As we leave the estate, vendors are packing up for the day. We quickly peruse their goods—magnets, maps, and sunglasses that mostly poke fun at Putin or Yanukovych. For a dollar, I pick up a roll of toilet paper complete with pictures of Putin’s face and Ukrainian obscenities. As I drop the hryvnia in the vendor’s hand and turn to leave, I can't help but notice that the song “Gangster’s Paradise” is playing softly in the background.

 

American Officials On Parade

If you are an American politician or policymaker right now, there’s a strong possibility that Ukraine is somewhere on your agenda. At least that’s the impression one gets watching the endless parade of U.S. politicians and policymakers touching down in Kyiv.

Perhaps the gold star should go to members of the U.S. Congress. Last month, the big ticket visit was from Senators John McCain, Tom Cotton, and John Barrasso, who toured the country and made headlines in Kyiv and the eastern front. But in total, a whopping 70 members of Congress are estimated to have passed through the country over the past year.

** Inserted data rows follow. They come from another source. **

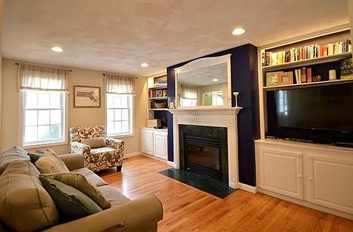 Lovely Colonial on .3 acres. HARDWOOD floors throughout 1st & 2nd floors. 3 bedrooms & 2.5 bathrooms. Lovely spacious MASTER SUITE. Living room has a GAS FIREPLACE & BUILT-IN CABINETS, OPEN CONCEPT first floor with kitchen, sunny breakfast nook and dining room. Sliders to a deck and a private back yard. Built-in 1st floor laundry. In addition this home also has room for expansion with a full WALK-OUT BASEMENT and a BONUS 3rd floor walk-up finished attic with full sized windows, ideal for a Family Room and Home Office. MINIMIZE YOUR COMMUTE and maximize your free time! Close to Routes 3 and 4 and 35 minutes to Boston. Live in the city AND enjoy nature as you are within walking distance to the Greenough Lands conservation area.
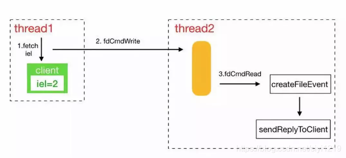 如上文所提到的,一个链接的创建、接收数据、发送数据、释放链接都必须在同个线程执行。异步发送涉及到两个线程之间的交互。KeyDB通过管道在两个线程中传递消息:
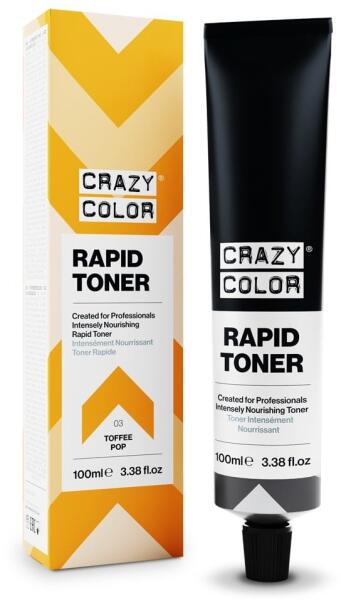 Crazy Color Rapid Toner 03 Toffee Pop 100 ml: A fodrászokkal folytatott konzultációk során igény mutatkozott egy új termékcsaládra, melyet most létrehoztunk, kifejezetten a profi fodrásszalonok számára! Ez az új termékcsalád tartalmazza a Crazy Color Rapid Tonereket 8 árnyalatban, a Cream Developer 6, 20 és 30 volumenben, valamint az új High Lift Violet Lightener-t. Rapid tonerek
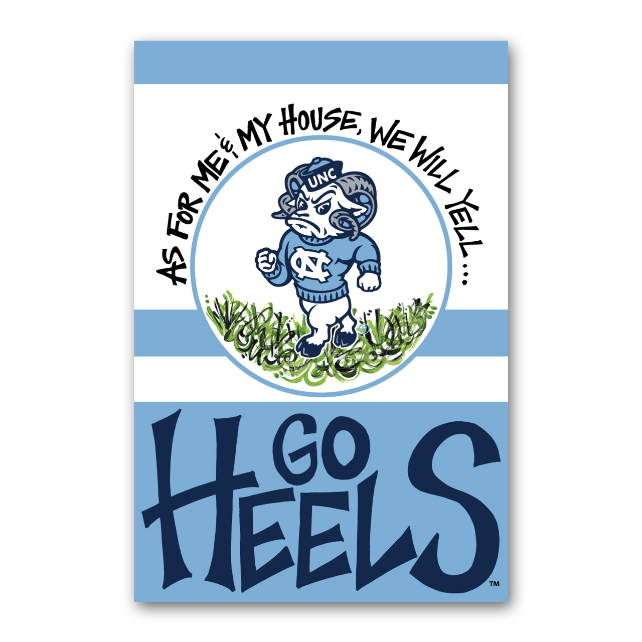 Show your love for the North Carolina Tar Heels with this awesome Rameses featured UNC Garden Flag in stunning Carolina Blue! Officially Licensed UNC Garden Flag featuring a Tar Heels Mascot, RAMESES, North Carolina Logos, and the iconic phrase "As for me and my house, we yall...GO HEELS"

High ranking officials from the State Department too have touched down on the ground, as have members of the administration. Vice President Biden has appeared more than once. And Samantha Power, the U.S. Permanent Representative to the United Nations, spoke recently at Kyiv’s October Palace right outside the Maidan, decrying “Russian aggression” four times.

But with so many U.S. officials passing through the country, what are they all actually doing?

On one hand, these visits reaffirm U.S. support for Ukraine. Some Ukrainians even see this as being one of the United States’ most powerful foreign policy tools. “The constant presence is what we really need,” a former member of parliament told me. “When someone is in the hospital, sending money isn’t as meaningful as showing up with flowers.” This person quickly clarified that Ukraine was certainly “not sick."

Yet, on the other hand, it’s hard to tell what actually comes from these political visits. Each trip is a significant logistical enterprise both for the U.S. Embassy and for the receiving government officials. And, how much these visitors are adding to the discussion seems debatable. “I’ve heard this ten times before,” a Ukrainian colleague bemoaned as we left the Power event.

Certainly, these trips help create a more informed U.S. government that will ideally lead to better policy. The issues running through this part of the world are complex, and more time on the ground will likely only help policymakers to grasp this reality and their possible options. A more cynical view might also suggest that at least for members of Congress, these visits serve to strengthen security and foreign policy credentials by identifying the members with a dream narrative harkening back to more black-and-white, Cold War times.

To be fair, Congress has repeatedly passed bills authorizing hundreds of millions of dollars in military aid to Ukraine. Member pressure on the Obama administration to do something more for supporting and arming Ukraine has been significant.

As the year goes on, more delegations of U.S. officials will surely touch down in the Kyiv Boryspil airport. Ukrainians can only hope the explosion of frequent flier miles will amount to something more meaningful than a few free upgrades.